Implementation details

The networks experimented in the Different Encoder and UNet Decoder sessions were implemented using the PyTorch framework and ten commonly used networks in the field of medical image segmentation. All networks were trained on an NVIDIA GeForce RTX-3090 (24 GB) GPU with 80 epochs and a batch size of 80, while in EFA-Net Ablation the batch size was set to 16. All training procedures used cross-entropy loss function and Adam optimizer. The learning rate was set to 0.001 during the whole training process.In the training process, we unify all dicom files to adjust the window width and window center to 1500, 600, then use the transformer of torchvision to adjust the image from 512*512 to 256*256 and then start training.

Evaluation metrics

The confusion matrix is a statistical representation of network classification results. The confusion matrix consists of four regions of network prediction masks²⁴: true positive (TP), true negative (TN), false positive (FP), and false negative (FN), as shown in Table 1. We employed five evaluation metrics, including accuracy (Acc) Dice coefficient (Dice), intersection over union (IoU), sensitivity (Sen), and specificity (Spec), to quantitatively evaluate the performance of the proposed method. The formal definitions are as follows:

$$Acc = \frac{TP + TN}{{TP + FP + TN + FN}}$$

(6)

$$Dice = \frac{2TP}{{2TP + FP + FN}}$$

(7)

$$IoU = \frac{TP}{{TP + FP + FN}}$$

(8)

$$Sen = \frac{TP}{{TP + FN}}$$

(9)

Table 1 Evaluation metrics.

Full size table

Ablation study

Different encoder and UNet decoder

Initially, we conducted ablation experiments to investigate the performance of nine commonly used medical image segmentation networks and the performance of Unet as an encoder combined with Unet’s decoder on our test set. The IoU and Dice scores obtained from the experiments were used as metrics to evaluate the performance of the models. Additionally, we recorded the number of parameters for each model, representing the model size. The results are shown in Tables 2 and Table 3. We found that EfficientNet as an encoder achieved significantly higher improvements in pneumothorax segmentation tasks compared to Unet’s original decoder.
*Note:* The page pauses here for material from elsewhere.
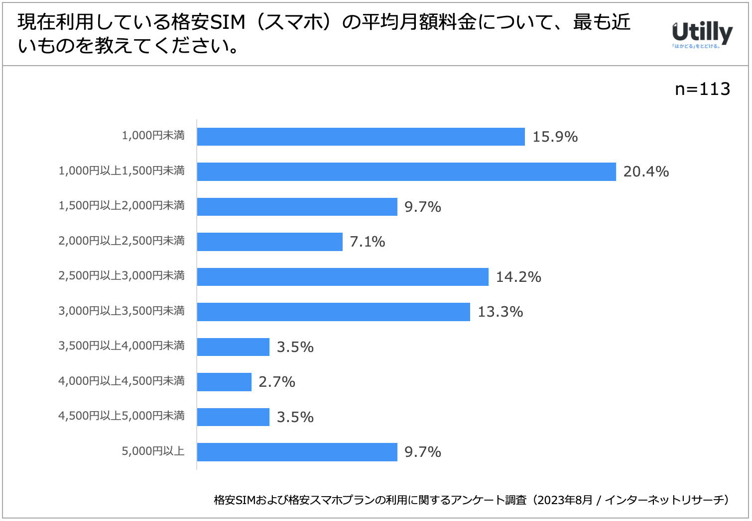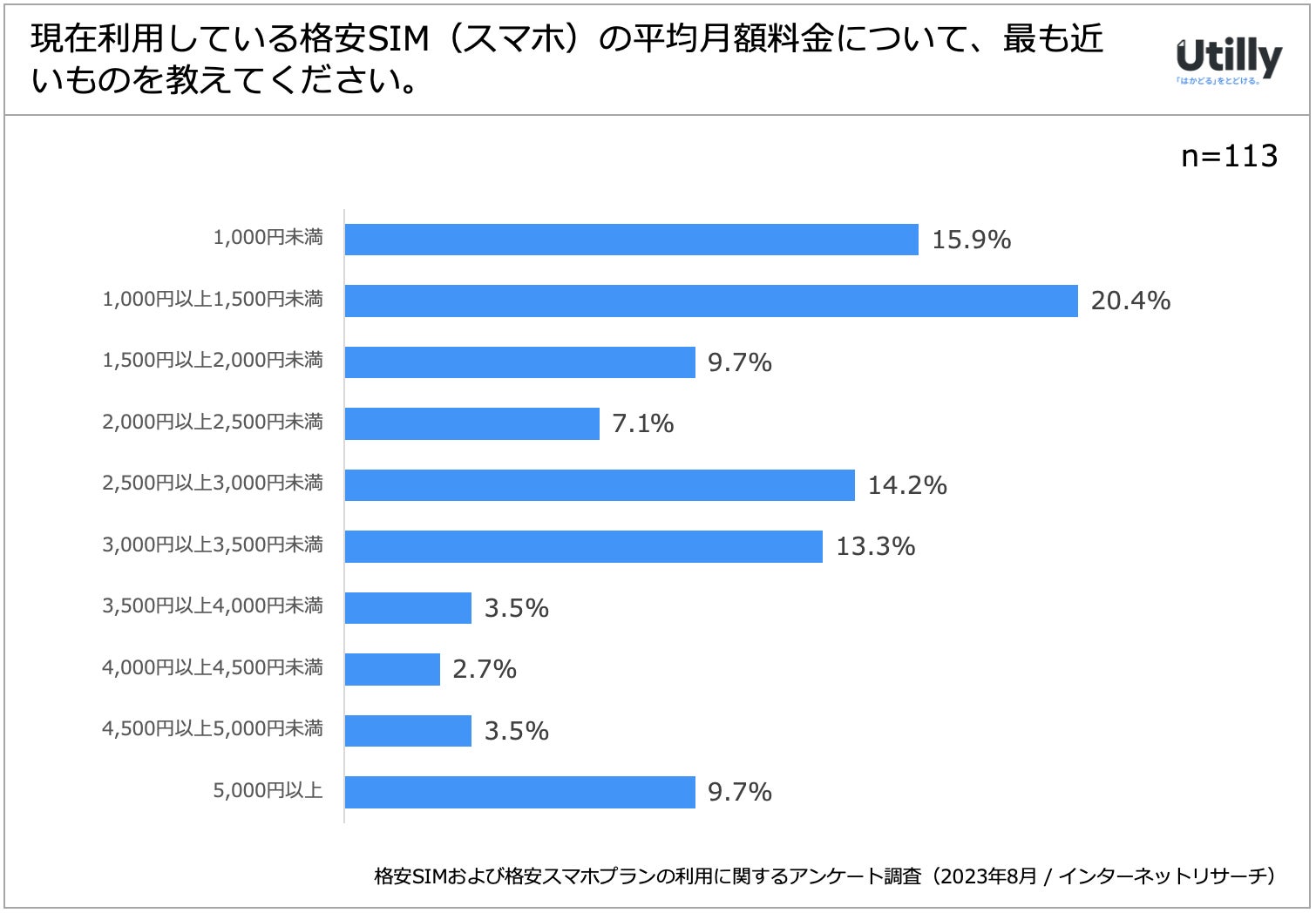 Q. 現在利用している格安SIM(スマホ)の平均月額料金について、最も近いものを教えてください

Table 2 The ablation experiment results of module with nine different encoder and U-Net decoder on our dataset.

Full size table

Table 3 The FLOPs and Parameters of nine different encoder and U-Net decoder on our dataset, the results are calculated with a 1 × 1 × 256 × 256 input image.

Full size table

When modifying the Unet model, we used nine common medical image segmentation models as the encoder to extract features from the input image. We compared the models’ feature extraction capabilities, and the final feature map was input into the original Unet decoder. The results are shown in Table 2. We found that EfficientNet not only significantly improved segmentation results but also had the fewest parameters. Therefore, we selected EfficientNet as the encoder component for our model.

EFA-Net ablation

To evaluate the performance of EFA-Net on pneumothorax CT segmentation task, we conducted ablation experiments. We chose Unet as the baseline model and compared it with the following four models: 1. UNet 2. Decoder is Unet, Encoder is EfficientNet 3. Encoder is Unet, Decoder is FA 4. Our work (Encoder part uses EfficientNet, Decoder part uses Feature Alignment Function (FA)). We kept all the models’ training data, hyperparameters, evaluation metrics, etc. the same to fairly compare their differences. We used Accuracy, IoU, Dice coefficient, as the evaluation metric, which can measure the degree of overlap between the segmentation results and the ground truth annotations. As shown in Table 4, we compared the four models on Dice coefficient. From the results, we can see that UNet itself performed worst on Dice coefficient, indicating that it could not handle pneumothorax CT segmentation problem well. Decoder is Unet, Encoder is EfficientNet and Encoder is Unet, Decoder is FA two models had some improvement compared to UNet but still worse than Our work (Encoder part uses EfficientNet, Decoder part uses Feature Alignment Function (FA)). This shows that both EfficientNet and FA parts have important roles in improving model performance. In particular, we found that FA could effectively align the feature representations between Encoder and Decoder and had adaptability and robustness.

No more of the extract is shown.